DATA IN THIS EXERCISE:
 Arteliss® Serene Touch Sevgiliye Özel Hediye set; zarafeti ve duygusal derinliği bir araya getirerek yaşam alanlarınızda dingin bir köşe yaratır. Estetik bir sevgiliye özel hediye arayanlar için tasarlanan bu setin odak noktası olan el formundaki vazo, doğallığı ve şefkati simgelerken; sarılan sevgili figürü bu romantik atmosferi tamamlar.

...

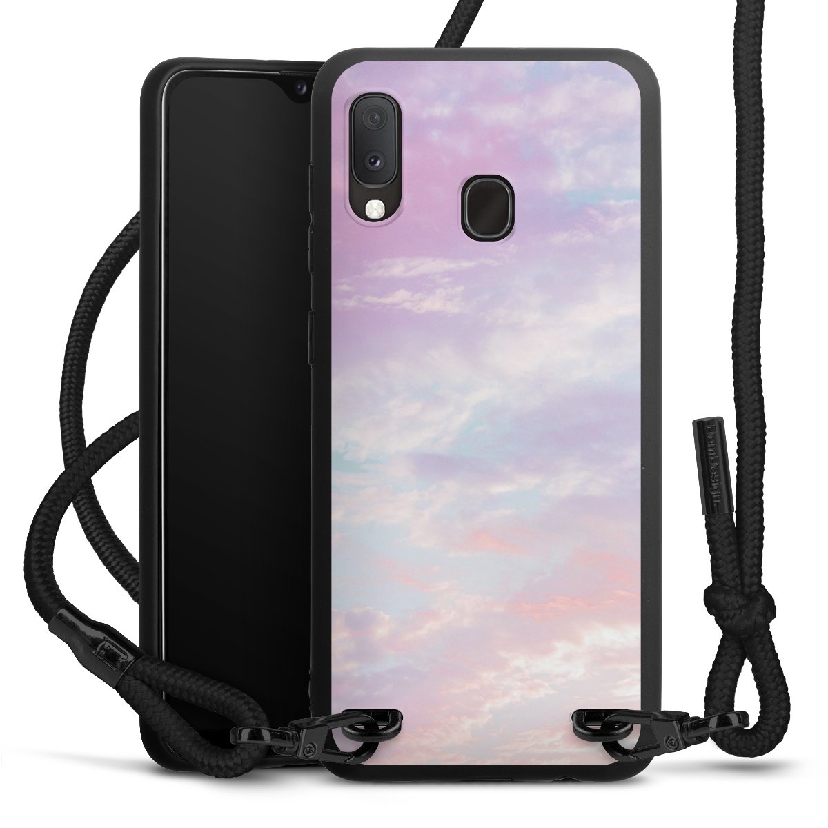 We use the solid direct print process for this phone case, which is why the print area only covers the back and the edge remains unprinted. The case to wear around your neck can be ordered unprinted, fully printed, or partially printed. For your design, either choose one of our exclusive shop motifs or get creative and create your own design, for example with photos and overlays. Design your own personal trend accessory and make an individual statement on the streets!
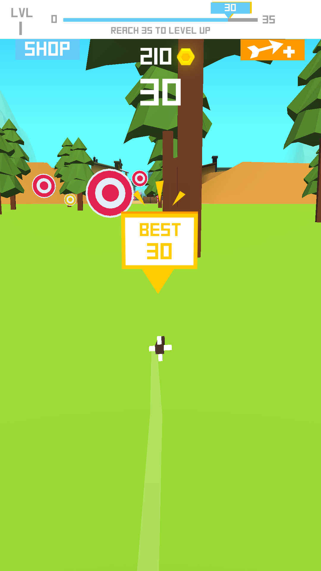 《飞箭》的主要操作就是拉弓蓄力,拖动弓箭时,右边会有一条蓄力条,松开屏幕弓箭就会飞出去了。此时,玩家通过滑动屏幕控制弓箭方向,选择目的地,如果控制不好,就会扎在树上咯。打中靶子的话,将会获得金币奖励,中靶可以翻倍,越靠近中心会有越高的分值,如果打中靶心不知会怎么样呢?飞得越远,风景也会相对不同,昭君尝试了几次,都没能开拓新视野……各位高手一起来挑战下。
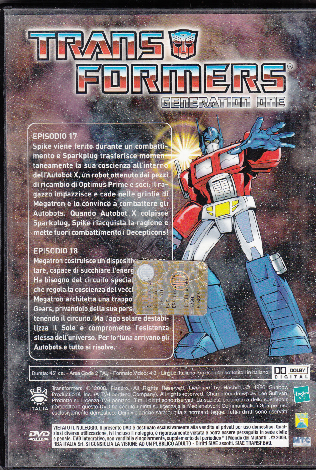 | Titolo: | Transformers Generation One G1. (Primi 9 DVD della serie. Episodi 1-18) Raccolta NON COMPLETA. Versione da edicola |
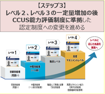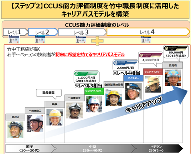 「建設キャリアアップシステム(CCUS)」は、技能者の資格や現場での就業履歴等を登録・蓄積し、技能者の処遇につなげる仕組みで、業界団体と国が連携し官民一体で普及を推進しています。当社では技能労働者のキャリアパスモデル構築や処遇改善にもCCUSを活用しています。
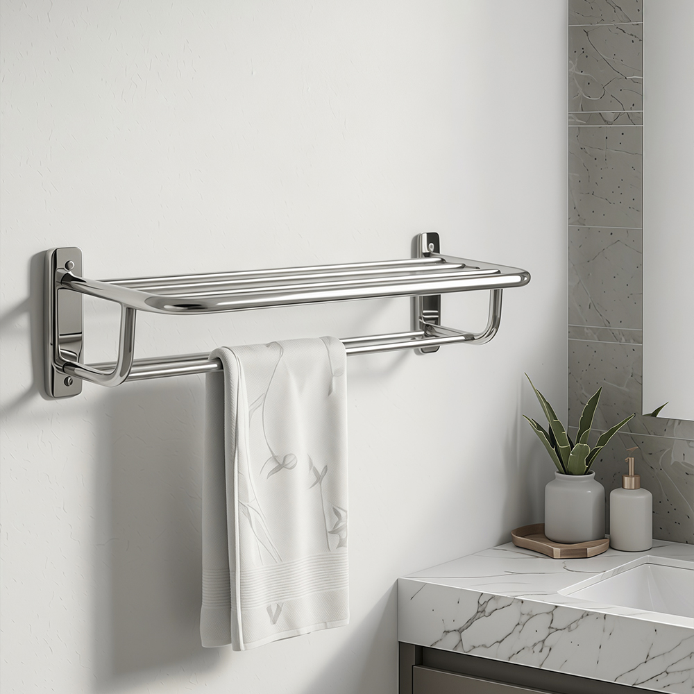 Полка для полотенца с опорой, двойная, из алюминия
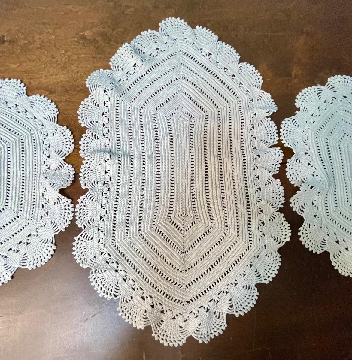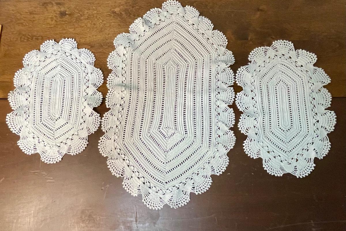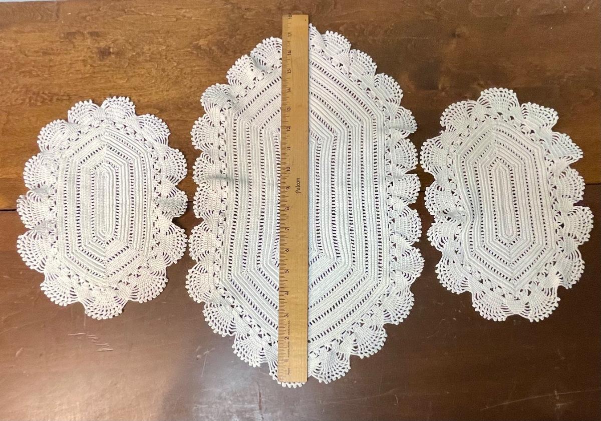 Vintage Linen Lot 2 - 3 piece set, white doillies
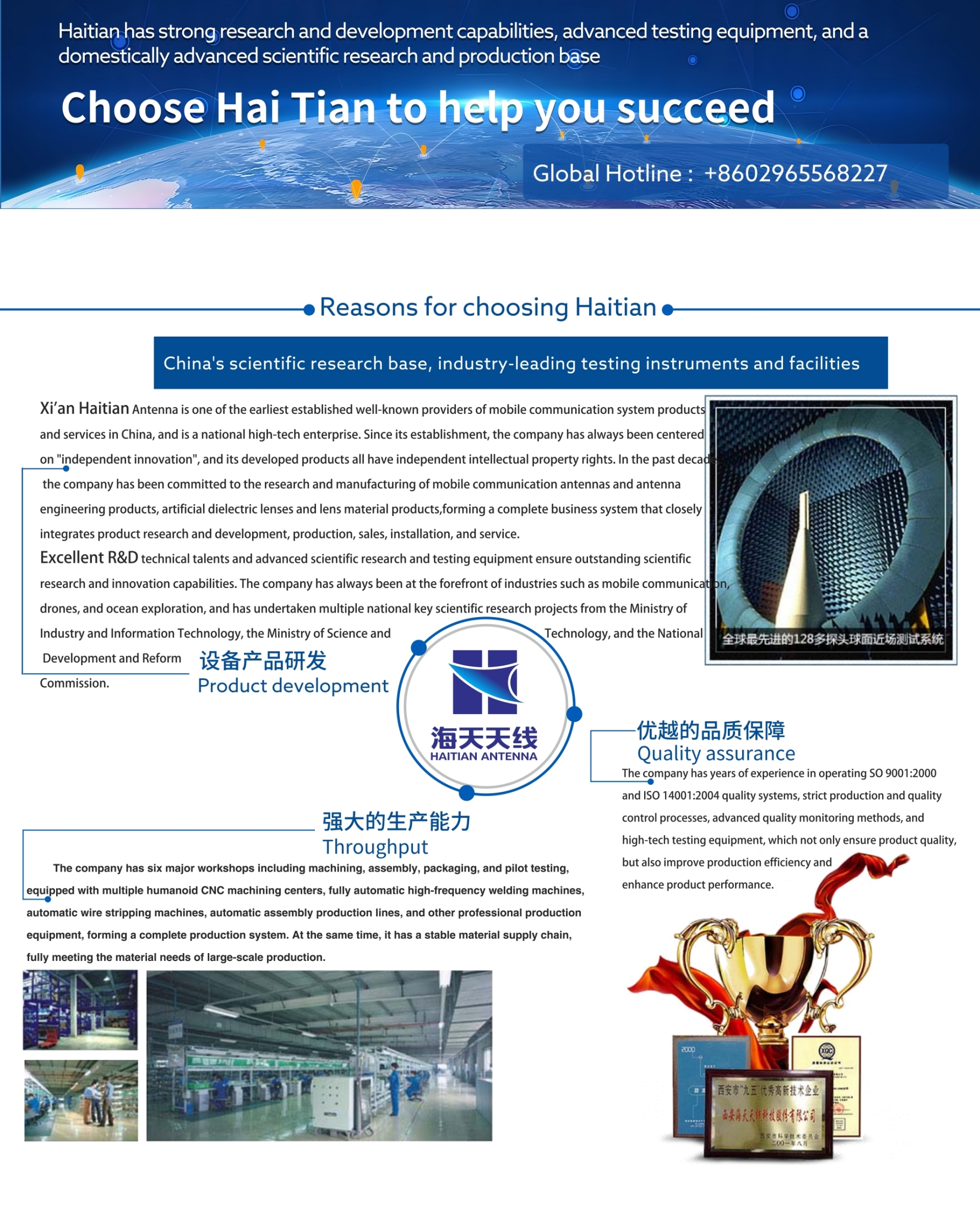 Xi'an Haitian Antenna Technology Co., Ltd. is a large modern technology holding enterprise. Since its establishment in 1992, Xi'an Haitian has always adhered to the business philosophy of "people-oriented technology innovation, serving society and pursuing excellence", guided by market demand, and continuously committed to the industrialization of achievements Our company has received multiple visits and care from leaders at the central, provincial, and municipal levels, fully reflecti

YOUR OBJECTIVE:
Above are some records. Output exactly the lines from the one that contains "da edicola |" to the one that contains "Vintage Linen Lot", keeping both, and omit the pictures.

COMPLETED EXERCISE:
 | Titolo: | Transformers Generation One G1. (Primi 9 DVD della serie. Episodi 1-18) Raccolta NON COMPLETA. Versione da edicola |
 「建設キャリアアップシステム(CCUS)」は、技能者の資格や現場での就業履歴等を登録・蓄積し、技能者の処遇につなげる仕組みで、業界団体と国が連携し官民一体で普及を推進しています。当社では技能労働者のキャリアパスモデル構築や処遇改善にもCCUSを活用しています。
 Полка для полотенца с опорой, двойная, из алюминия
 Vintage Linen Lot 2 - 3 piece set, white doillies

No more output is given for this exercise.